So, the negotiation has to happen something like this. The OS knows that a pppx value of, say, 2, is available. If the app is not LQ-aware, then as it asks for a display surface, the OS knows to give it one with 100 dpi "pixels", so that each pixel that the app draws shows up on the hardware as a 2x2 square of pixels (one can imagine other choices here, for example, drawing text at the full device resolution, but it will be a compromise in any case, and the Real Solution is always to make the app LQ-aware. The chunky pixels might not look that good, but at least they won't break anything or introduce bizarre new artifacts).

But if the app asks for the range of available pppx values, the OS will tell it that 2 is available, and then the app can ask for a drawing surface that matches the physical display resolution.

Once we get to that point, then the app has to actually come up with the higher resolution pixels. But this is a relatively straightforward technical problem, and different applications can solve it each in their own best way. Certainly, having a good 2D graphics library under the hood would be nice, but there are a few around (even if one of the more well-known was written by a "monkey with a PhD in low level coding" :), and if none are satisfactory, you can write your own.

By contrast, configuration science problems have a way of not being readily solved. My favorite running example is what happens when you press the backspace key. After many years, Linux systems have pretty much settled down, but if I login from my MacOS X laptop to my Linux box and open a forwarded X11 terminal, I still find that pressing backspace sometimes prints '^H' rather than deleting the character to the left of the cursor. Let us pray that we can do a better job with LQ configuration.

Update at other blog

Not free software related.

More on letter quality displays

I finally got around to putting up my Electronic Imaging '04 paper on the relationship between display resolution and perceived contrast of text.

Also, Kevin Burton sent me a link to this Interview with Microsoft's typography master. If you're interested in these topics, you'll definitely want to read it.

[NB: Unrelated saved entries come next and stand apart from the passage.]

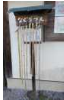
なぐり杖設置場所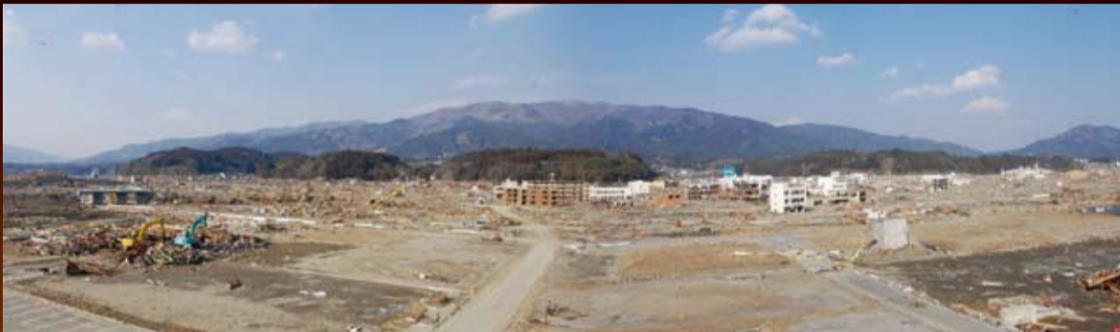
コンクリートの建物を残して壊滅状態になった岩手県陸前高田市

百年住宅グループでは「あらゆる災害から命と財産を守る」という企業理念のもと、巨大地震や台風、土砂災害の発生時に、ただちに社員を被災地に派遣しています。現地では被災者への物資の援助や義援金の寄託を行うとともに、住宅被害の実態調査・分析、現地に建つWPC住宅の確認を行い、さらなる強い家造りに活かしています。「住宅災害をなくすことで、社会に貢献する」。私たちはこの使命感に燃えています。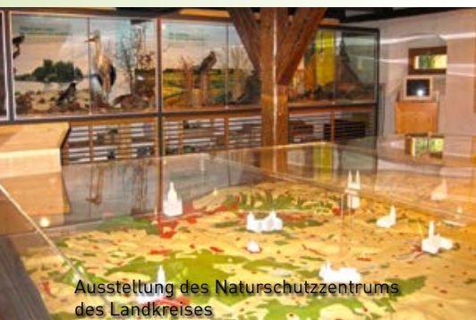
Ausstellung des Naturschutzzentrums des Landkreises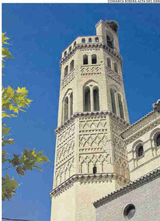
Mudéjar. Iglesia de San Pedro Apóstol de Alagón, Bien de Interés Cultural.

presentó la escena de la Exaltación del Nombre de Jesús. Pocos años más tarde realizó una intervención en la Iglesia de San Juan Bautista de Remolinos. Allí, Goya pintó las cuatro pechinas que decoran la cúpula sobre el crucero en las que se encuentran los padres de la Iglesia: San Ambrosio, San Agustín, San Jerónimo y San Gregorio.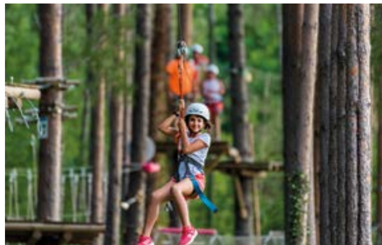
Parque de aventura.

y otras que se están haciendo un hueco en el panorama de las mejores carreras como son la Ensija Trail y el Trail del Moixeró. Los mejores corredores del mundo hace años que han descubierto estos caminos y por ahí compiten temporada tras temporada.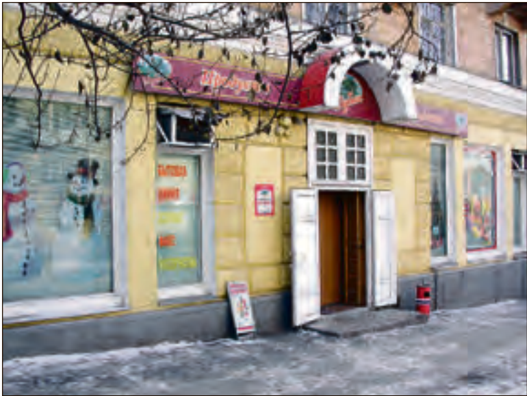
А в «Подписных» на Вольской и Бахметьевской магазин «Продукты» фирмы «Дубки». Здесь же — закусочная, можно пропустить кружку пива или чего покрепче

нее, он вывешивался в магазине и становился на несколько месяцев предметом бурных обсуждений и затаённых мечтаний. Но дату подписки на каждое из изданий объявляли за несколько дней. Моментально возникала очередь: одни и те же активисты, постоянно крутившиеся в магазине и именовавшиеся Советом содействия, начинали запись. Начи-нали, естественно, с себя.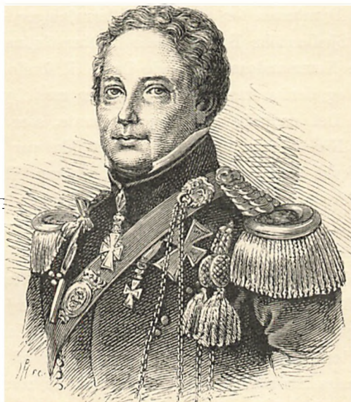
F. C. v. HOLSTEIN. I 1807 Chef for Kongens Livjægerkorps.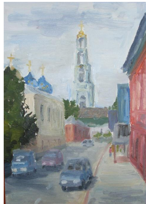
Масло «Вид на Колокольню» 2010 г.

Катя, как давно ты занимаешься живописью? И в какой художественной школе, Ф.И.О. твоего учителя?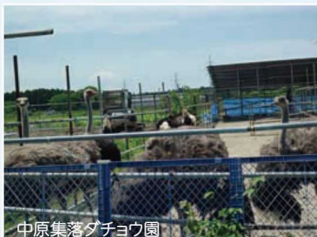
中原集落ダチョウ園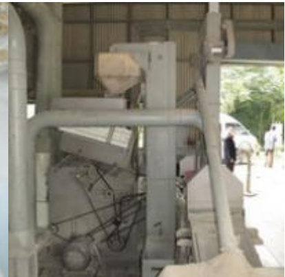
เขาหินซ้อน

I think Microsoft is on to something here: find smart people who know what they're talking about, give them money and toys, and listen to them. It seems to work well for them, but there's no reason for them, or even evil proprietary software companies in general, to have a monopoly on this business method. Who knows, maybe we ingenious free software types can someday find a way to adapt it to our universe.

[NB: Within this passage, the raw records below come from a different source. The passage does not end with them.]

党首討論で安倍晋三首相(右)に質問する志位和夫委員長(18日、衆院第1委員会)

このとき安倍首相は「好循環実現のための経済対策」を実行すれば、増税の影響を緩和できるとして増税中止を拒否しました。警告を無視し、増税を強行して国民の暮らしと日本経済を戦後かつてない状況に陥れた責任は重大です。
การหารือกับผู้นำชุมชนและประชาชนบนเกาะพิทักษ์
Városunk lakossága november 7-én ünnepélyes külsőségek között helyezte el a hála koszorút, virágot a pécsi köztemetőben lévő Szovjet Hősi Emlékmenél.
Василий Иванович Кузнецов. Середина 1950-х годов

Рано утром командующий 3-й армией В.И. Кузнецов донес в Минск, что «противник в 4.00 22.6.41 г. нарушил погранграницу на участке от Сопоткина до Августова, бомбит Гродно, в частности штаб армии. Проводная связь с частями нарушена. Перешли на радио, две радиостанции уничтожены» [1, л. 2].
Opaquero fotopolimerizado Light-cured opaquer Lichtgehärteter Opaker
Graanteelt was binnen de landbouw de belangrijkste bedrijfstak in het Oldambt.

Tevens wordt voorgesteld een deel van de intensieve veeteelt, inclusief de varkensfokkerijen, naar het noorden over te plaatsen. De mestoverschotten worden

Not that I'm personally complaining, mind you. I really enjoy my job working on Ghostscript, and get to play with lots of cool graphics toys - I don't have a 200 dpi monitor in my studio yet, but Miles has offered to pay half for one, so it's tempting. I have a gut feeling that a letter quality desktop panel will be available within a few months at consumer pricing, at which point I'll jump on it.

If some kind benefactor wanted to set the cause of the free desktop forward a few months or more, one of the most effective things they could do is spread a few of those panels around to the people in the free software community who can make the best use of them: X, Gnome, KDE, Mozilla, etc. (I'd happily accept such a donation but would be equally happy to see it go to others for whom it's a more pressing need).

Indeed, the imminent arrival of letter quality displays will present a very crisp test of the health of the various organizations responsible for generating the relevant software. It's a pretty safe prediction that Microsoft will not only get the software mostly right, but also nearly singlehandedly create the mass market for these displays. Mac OS faces a choice - Apple can either lead as they did with FireWire, 802.11 and DVD burners, or they can drag behind and let the Wintel world kick their butt for a while, as they did with raw CPU power up until their shipment of the IBM 970. Sun will probably manage to screw up Java support royally - during the transition, I'm sure you'll see teeny fonts, chunky pixels, and related artifacts for quite some time. Mozilla won't even start to get its act together until there's reasonably good support for letter quality on platforms other than Internet Explorer (although the W3's sensible definition of the px will help them get to the goal once they really get started). And of course, it's reasonable to predict that the free software community will eventually get it right, but that it will take quite some time.

I think there are two other potential winners from the disruption to be caused by this technology: PDF and Flash. The win for PDF is pretty obvious; today's dot-matrix screens are just not quite good enough to display 8.5 x 11 inch pages with reasonable quality, in much the same way as early-'80s dot matrix printers were not quite good enough to render such pages on paper. The win for Flash is not quite as obvious, but I think just about as compelling. Once you get past Flash's reputation as the blink tag of the dot-com boom times, the underlying technology is actually pretty impressive. Existing Flash applications will immediately start looking good on letter quality displays once the client supports the devices, and Flash will continue to be one of the most painless ways to deliver such applications. Among other things, it's pretty darned cross-platform already, and that will probably just get better.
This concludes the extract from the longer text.